Omit the images and retype the records verbatim.

______

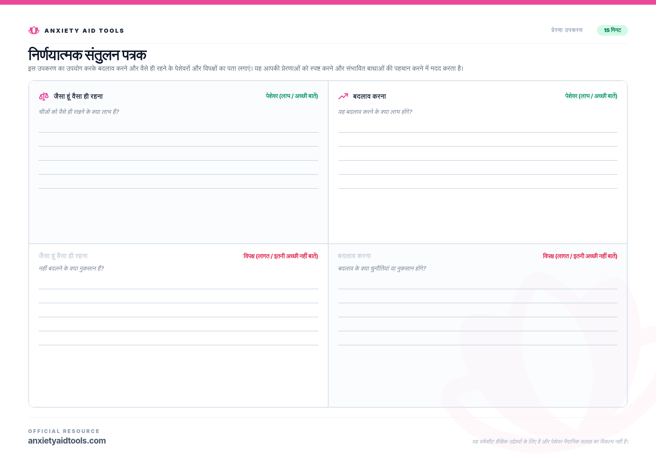 निर्णयात्मक संतुलन पत्रक मोटिवेशनल इंटरव्यूइंग (एमआई) से एक शक्तिशाली टूल है जो आपको द्वंद्वात्मकता में मार्गदर्शन करने में मदद करने के लिए डिज़ाइन किया गया है। जब भी हम कोई महत्वपूर्ण बदलाव पर विचार करते हैं—चाहे नई आदत शुरू करना, रिश्ता खत्म करना या व्यवहार बदलना हो—हम स्वाभाविक रूप से दो दिशाओं में खींच महसूस करते हैं। यह वर्कशीट आपको उस आंतरिक संघर्ष को बाहरी करने में मदद करता है।
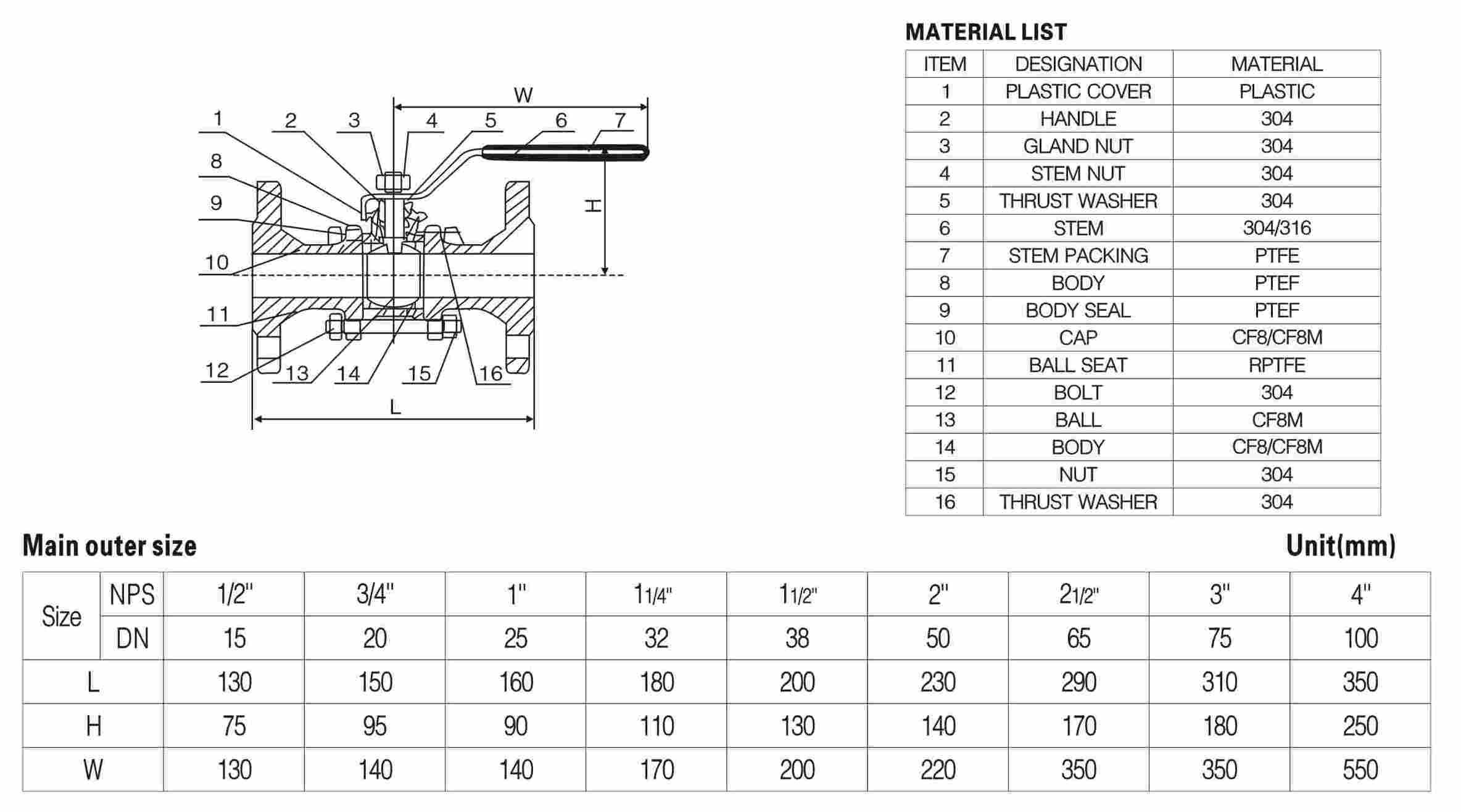 三片式法蘭球閥主要尺寸 單位:mm
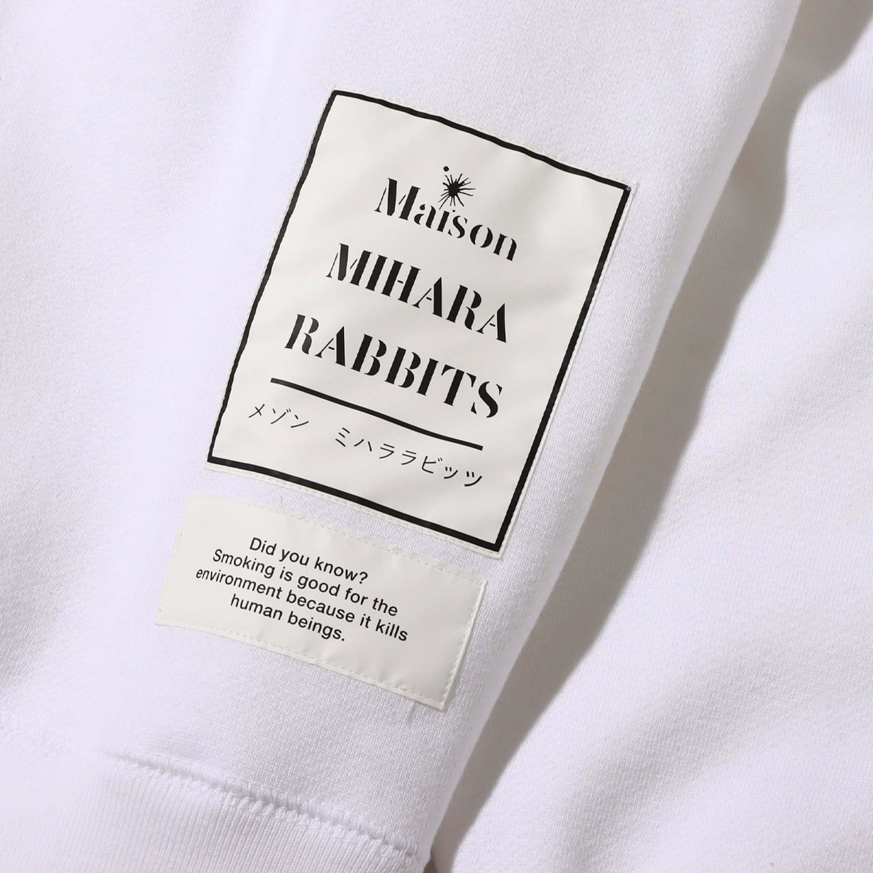 このほか、シューズと同様にフロントに「Smoking Kills」ロゴをあしらい、背面の下部にはメゾン ミハラヤスヒロのブランド名をオマージュした「MIHARA RABBITS -ミハララビッツ-」のモチーフを施したスウェットを製作。ブラックとホワイトの2色を展開し、価格は各1万5400円(いずれも税込)。
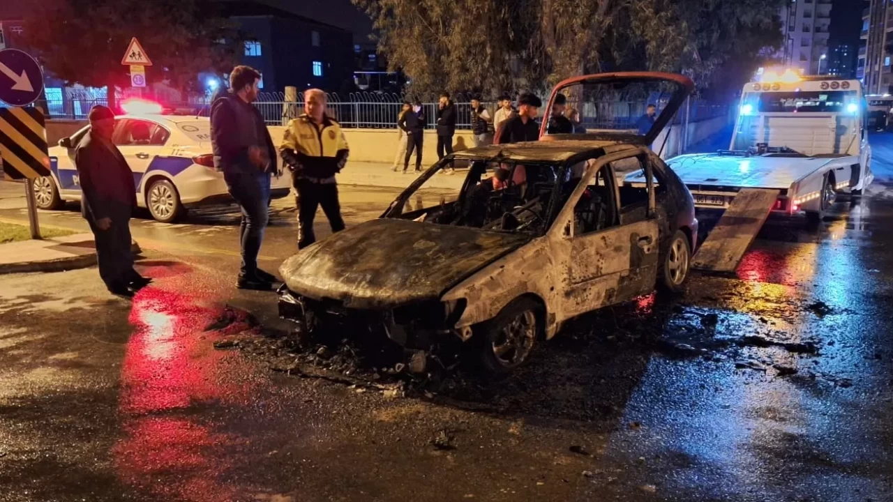 Mersin'de seyir halindeki otomobil alev alev yandı
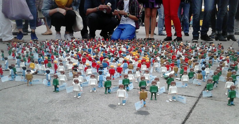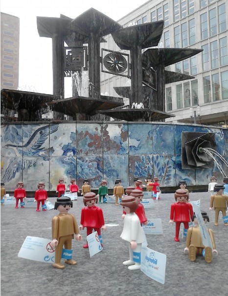 An einer der Beton-reichsten und für meine Begriffe unwirtlichsten Stellen Berlins, am Alex hat heute eine kleine Schar von 5000 Playmos versucht, ein Lächeln in die Welt zu zaubern. Der Platz um den Brunnen der Völkerfreundschaft war gut gewählt, fand die Aktion doch zeitgleich in Warschau, Amsterdam, Paris, Madrid, Athen, Princeton (USA) und Mexico City statt.Insgesamt 40000 Figuren (leider teilweise mit dem bekannten Rückenleiden - siehe Bild) sind weltweit angetreten- am Bein einen Zettel und auf dem Rücken einen QR-code.
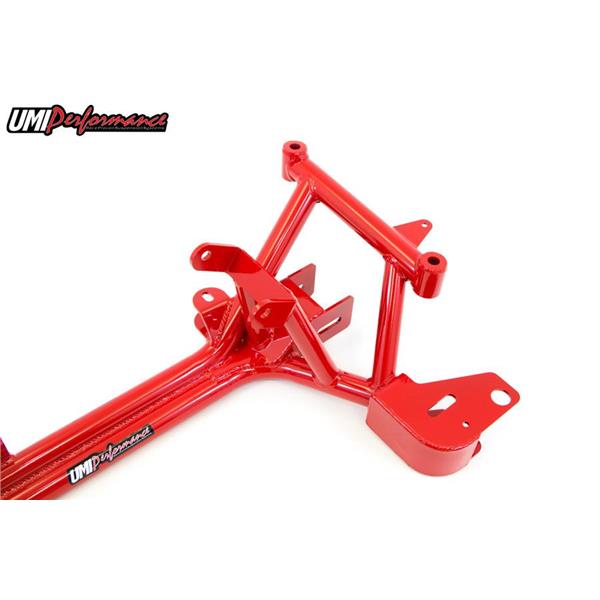 UMI’s Stage 1 kit is the perfect starting point for removing front end weight and improving the weight transfer in your 4th Gen. Our dual tube k-member is known as the strongest in its class and can withstand wheel stand landings and street abuse while still shaving weight as well as protecting the oil pan. Rod end lower a-arms move with minimal friction and help the car respond quickly off the line while adding 8lbs of weight reduction. UMI’s k-member and a-arms are built from strong USA DOM tubing, precision bent, CNC notched and welded in a jig to form a solid base. Included k-member is designed to work with factory motor mounts, polyurethane motor mounts or UMI’s popular solid billet aluminum motor mounts P/N 2323. Whether you’re looking to remove front end weight, gain engine clearance or just want a nice addition to your street/strip car the Stage 1 package is the perfect starting point. Save $65.00 when purchasing these items as a kit.

______

## RESPONSE
 निर्णयात्मक संतुलन पत्रक मोटिवेशनल इंटरव्यूइंग (एमआई) से एक शक्तिशाली टूल है जो आपको द्वंद्वात्मकता में मार्गदर्शन करने में मदद करने के लिए डिज़ाइन किया गया है। जब भी हम कोई महत्वपूर्ण बदलाव पर विचार करते हैं—चाहे नई आदत शुरू करना, रिश्ता खत्म करना या व्यवहार बदलना हो—हम स्वाभाविक रूप से दो दिशाओं में खींच महसूस करते हैं। यह वर्कशीट आपको उस आंतरिक संघर्ष को बाहरी करने में मदद करता है।
 三片式法蘭球閥主要尺寸 單位:mm
 このほか、シューズと同様にフロントに「Smoking Kills」ロゴをあしらい、背面の下部にはメゾン ミハラヤスヒロのブランド名をオマージュした「MIHARA RABBITS -ミハララビッツ-」のモチーフを施したスウェットを製作。ブラックとホワイトの2色を展開し、価格は各1万5400円(いずれも税込)。
 Mersin'de seyir halindeki otomobil alev alev yandı
 An einer der Beton-reichsten und für meine Begriffe unwirtlichsten Stellen Berlins, am Alex hat heute eine kleine Schar von 5000 Playmos versucht, ein Lächeln in die Welt zu zaubern. Der Platz um den Brunnen der Völkerfreundschaft war gut gewählt, fand die Aktion doch zeitgleich in Warschau, Amsterdam, Paris, Madrid, Athen, Princeton (USA) und Mexico City statt.Insgesamt 40000 Figuren (leider teilweise mit dem bekannten Rückenleiden - siehe Bild) sind weltweit angetreten- am Bein einen Zettel und auf dem Rücken einen QR-code.
 UMI’s Stage 1 kit is the perfect starting point for removing front end weight and improving the weight transfer in your 4th Gen. Our dual tube k-member is known as the strongest in its class and can withstand wheel stand landings and street abuse while still shaving weight as well as protecting the oil pan. Rod end lower a-arms move with minimal friction and help the car respond quickly off the line while adding 8lbs of weight reduction. UMI’s k-member and a-arms are built from strong USA DOM tubing, precision bent, CNC notched and welded in a jig to form a solid base. Included k-member is designed to work with factory motor mounts, polyurethane motor mounts or UMI’s popular solid billet aluminum motor mounts P/N 2323. Whether you’re looking to remove front end weight, gain engine clearance or just want a nice addition to your street/strip car the Stage 1 package is the perfect starting point. Save $65.00 when purchasing these items as a kit.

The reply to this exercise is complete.